That the Athenians were autochthonous was expressed mythically in the stories of Erechtheus and Erichthonius and was emphatically stated by
Isocrates in Panegyric 23-5:
- "For we did not win the country we dwell in by expelling others from it, or by seizing it when uninhabited, nor are we a
mixed race collected together from many nations, but so noble and genuine is our descent, that we have continued for all time in
possession of the land from which we sprang, being children of our native soil, and able to address our city by the same titles
that we give to our nearest relations, for we alone of all the Hellenes have the right to call our city at once nurse and
fatherland and mother."
Elsewhere "Pelasgian" in Herodotus connotes anything typical of, or surviving from, the state of things in Greece before the
coming of the Greeks (in this sense one could regard all of Greece as formerly "Pelasgic"). The clearest instances of Pelasgian
survivals in ritual and customs and antiquities occur in Arcadia, the "Ionian" districts of the
north-west Peloponnese, and Attica, which have suffered least from hellenization. In Athens itself the prehistoric wall of the
Acropolis and a plot of ground close below it received veneration in the 5th century as
"Pelasgian"; so too in Thucydides (2.17).

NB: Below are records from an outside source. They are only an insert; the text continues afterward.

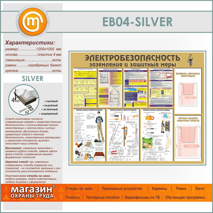 Стенд «Электробезопасность. Заземление и защитные меры» с 2 объемными карманами (EB-04-SILVER) в Тюмени купить
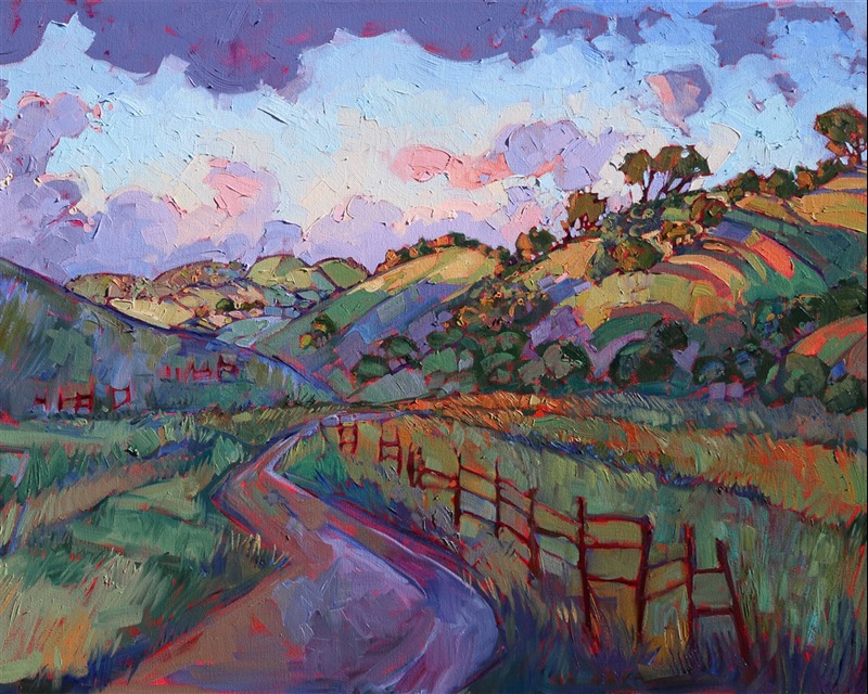 Style: "Open Impressionism" is a new style of painting developed by American artist Erin Hanson. The style is characterized by short, impasto brush strokes that are applied without layering, creating a mosaic or stained-glass appearance to the paintings. The paintings are created with a limited palette of colors, applied without blending or mixing upon the canvas, which adds a dimension of texture to each brush stroke. Inspired by classic impressionism, pointillism, and post-impressionism, Erin Hanson continues the tradition of impressionism into the modern day with her colorful and vivacious landscape paintings.
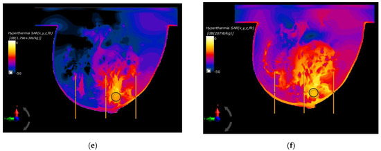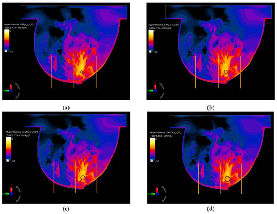 Figure 6f shows an example of SAR distribution for a tumor radius r = 12 mm; however, this was before applying the optimization algorithm (all antennas operate with the same Pi and ϕi values). In this case, the SAR values within the breast tissues around the applicators were similar and had values below 207 W/kg, which illustrates the advantage of warm colors. On the other hand, with optimized SAR distributions, warm colors were concentrated in the immediate vicinity of the breast cancer, which corresponds to an increased power dissipation and heat accumulation in this area.
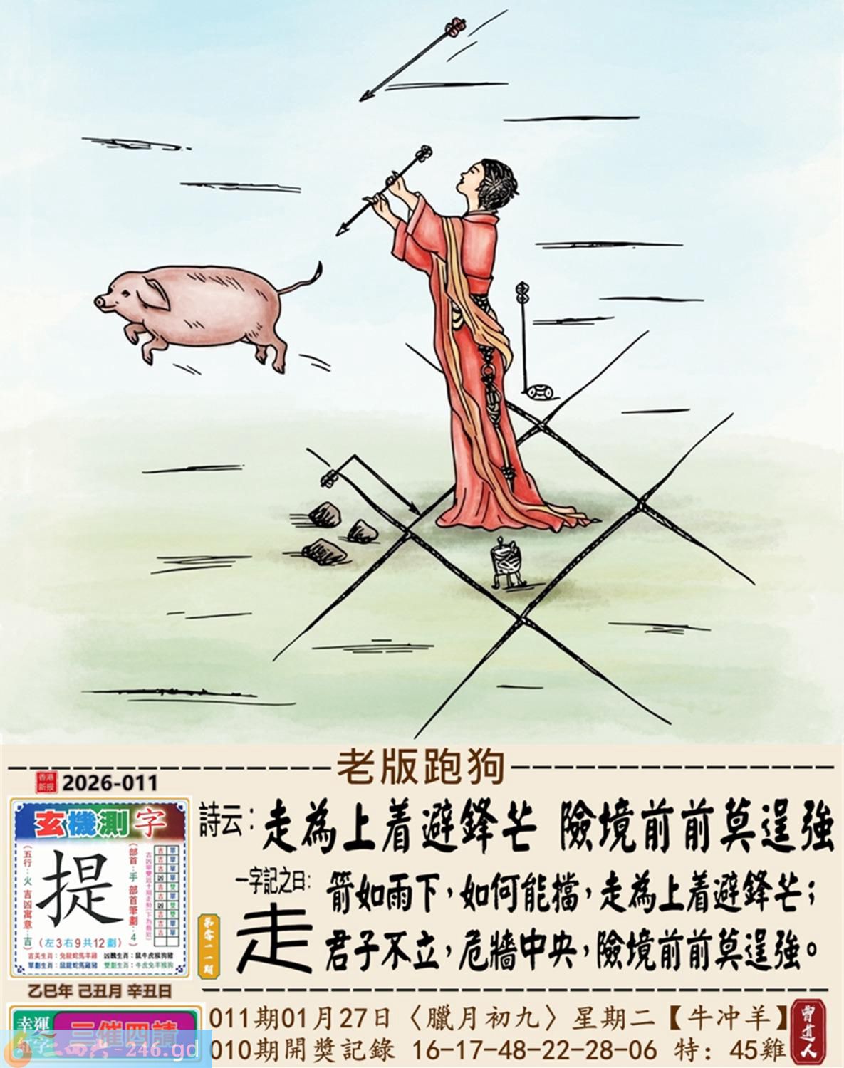 2026年1月27日011期羊(乙未)(壁上土) 011期:老版跑狗玄機一字記之曰:【走】 詩云:走為上着避鋒芒險境前前莫逞強 箭如雨下,如何能擋,走為上着避鋒芒; 君子不立,危牆中央,險境前前莫逞強。 玄機測字:《提》 密圖詩:酒足飯飽去按摩 《記》:同桌對座賽象棋 特碼大小單雙句:一窩鳥蛋有六個 今期必中:趙雲 011期:特碼歇后語 早上没刷牙-----嘴巴不干净 011期正版四字梅花诗:恕不奉陪。 011期火车头:烧伤龙。诗:鸡死猪伤,十二生肖排第四。 011期香港第一手欲钱料:龙? 011期曾道人说:“木?” 011期另版四字梅花诗:四面青山。 011期香港第一手欲钱料:欲钱找伶俐的动物。 011期曾道人说:“为什么每个人都比较喜欢钱呢”? 011期:二字經:好數 011期:电灯是特码 011期:智力金壤;一丝不挂 011期:信箱紅字:【急湍駛浪】 011期:【暗碼:05-31-39-46】 011期:一語中特:【九死一生】 發財玄機圖:冷静守候弓身嘶聲圖中明蛇紅綠 011期:藏寳圖 新:因想后湖题柱处 老:汉城黄柳映新帘 禁:虎禁:4尾玄机字《踌》 2026年011期【生活幽默】版 〖未來岳父〗 今天去女朋友家,心裏异常緊張。 晚上吃飯的時候,未来岳父多喝了兩杯,就跟我:"小李啊,我看你這人很有自信,胸懷寬廣,想必以後必成大器,女兒交給你我也就放心了。"聽得我那個高興,忙問這您也能看出來啊? 他回答道:"我瞧你長得這鳥樣,也敢泡我女兒,説明你這人不簡單。" 我......
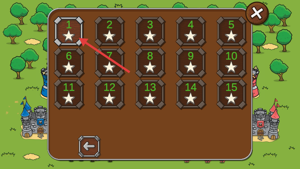 3、玩家進入關卡選擇界面,首次玩先從標有1的關卡開始挑戰,逐步通關可解鎖后續關卡,每個關卡都有獨特的戰斗場景與敵人配置。
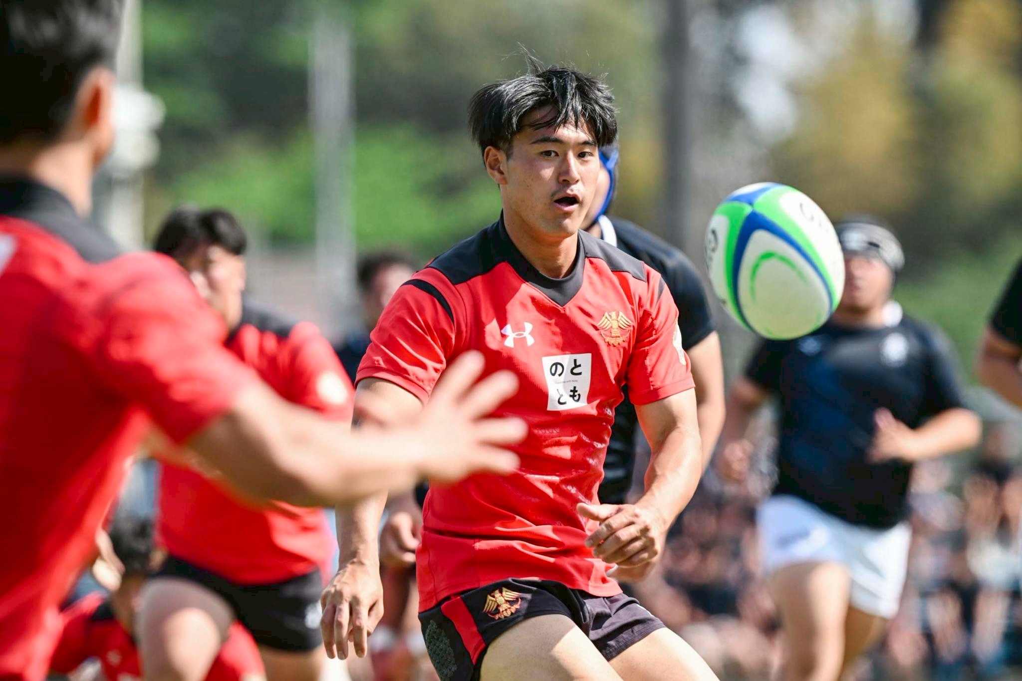 18分にはラインアウトからモールを押し込み、HO高がトライ(76-0)。27分、ラインアウトから連続攻撃。途中でパスが乱れるも、FB石原が拾って、CTB神田-CTB大嶋(柚)-WTB吉田-FL大司と渡り、大司が走り切ってトライ(81-0)。直後の29分には、キックオフから連続攻撃。SH飯沼のハイパントをWTB青栁がキャッチ。CTB神田-HO梶川-CTB神田と渡り、神田が走り切ってトライ(86-0)。

We may note that all Herodotus' examples of actual Pelasgi lie round, or near, the actual Pelasgi of Homeric Thrace; that the
testimony of Thucydides (4.106) confirms the most distant of these as to the Pelasgian and Tyrrhenian population of the adjacent
seaboard: also that Thucydides adopts the same general Pelasgian theory of early Greece, with the refinement that he regards the
Pelasgian name as originally specific, and as having come gradually into this generic use.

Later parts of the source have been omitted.